*Dataset excerpt*.
★ ★ ★ ★ ★ ★ ★
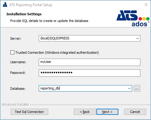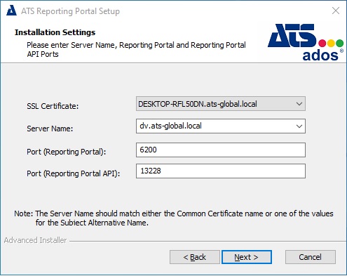 Server Name: Enter the name of the machine that hosts the ATS Reporting Portal.
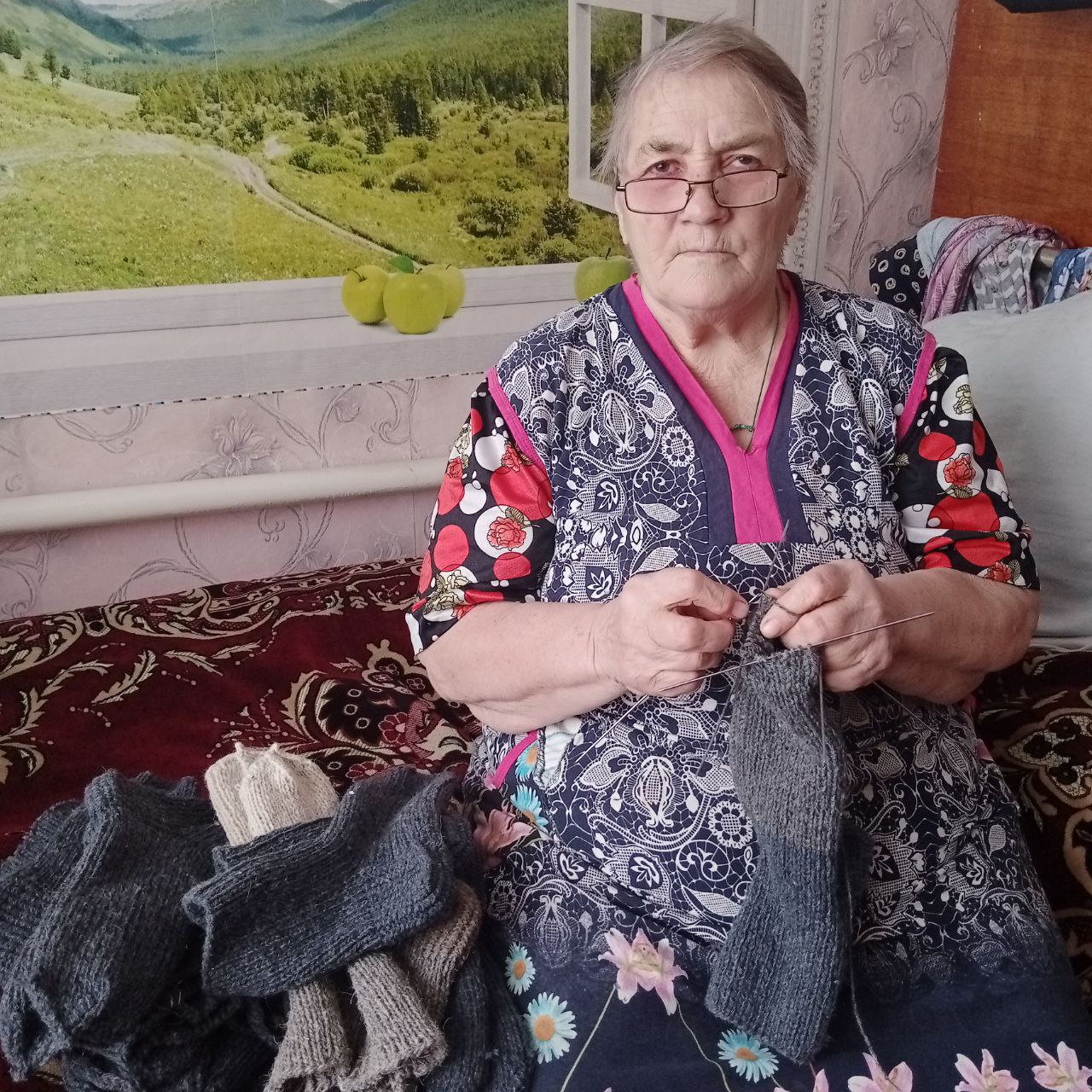 Получатели социальных услуг вяжут носки для бойцов СВО.
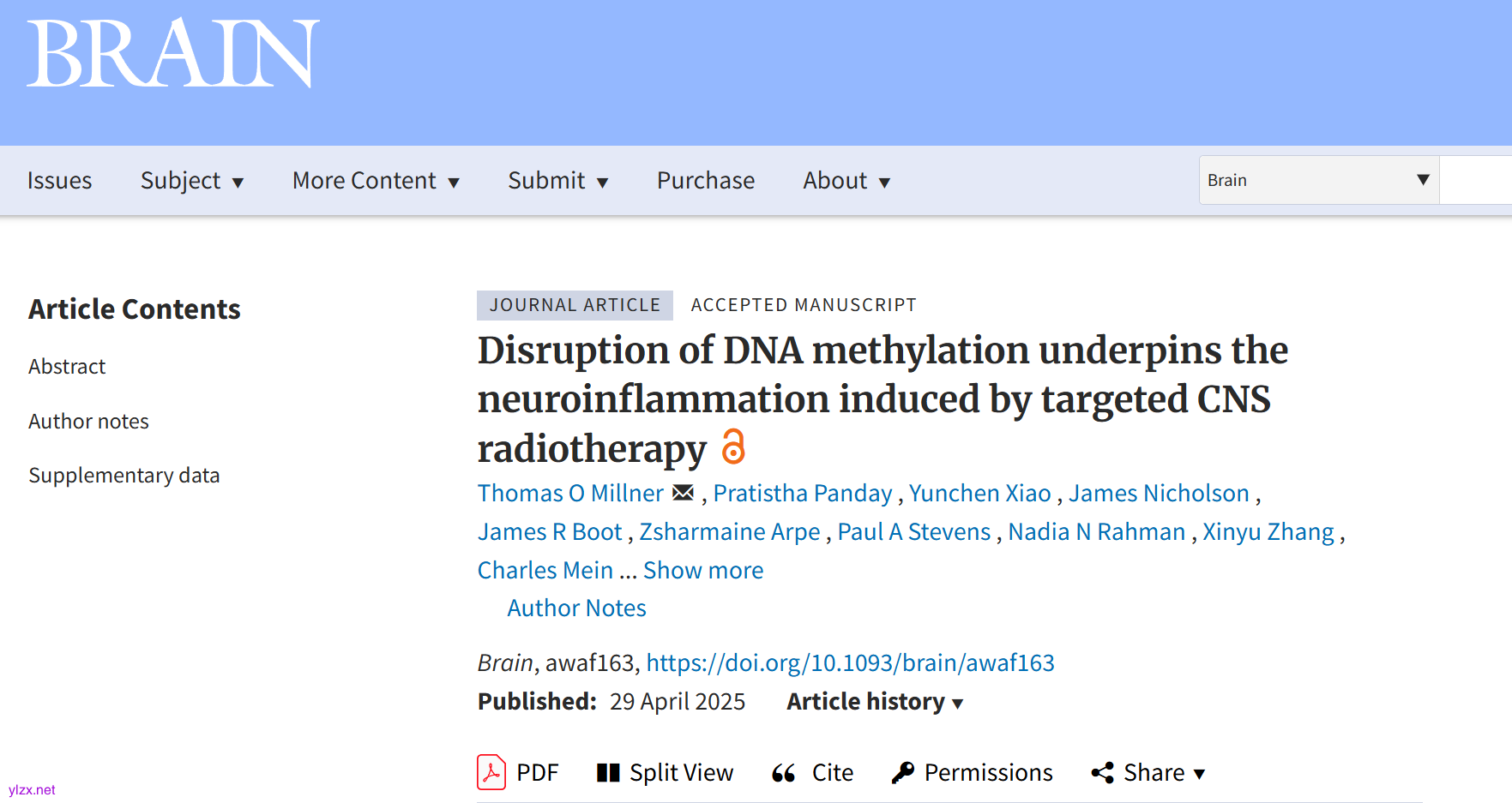 Millner TO, Panday P, Xiao Y, et al. Disruption of DNA methylation underpins the neuroinflammation induced by targeted CNS radiotherapy. Brain 2025. doi:10.1093/brain/awaf163
★ ★ ★ ★ ★ ★ ★
*What to do*.
Please retype the whole of the data precisely, omitting pictures.

*Exercise solution*.
 Server Name: Enter the name of the machine that hosts the ATS Reporting Portal.
 Получатели социальных услуг вяжут носки для бойцов СВО.
 Millner TO, Panday P, Xiao Y, et al. Disruption of DNA methylation underpins the neuroinflammation induced by targeted CNS radiotherapy. Brain 2025. doi:10.1093/brain/awaf163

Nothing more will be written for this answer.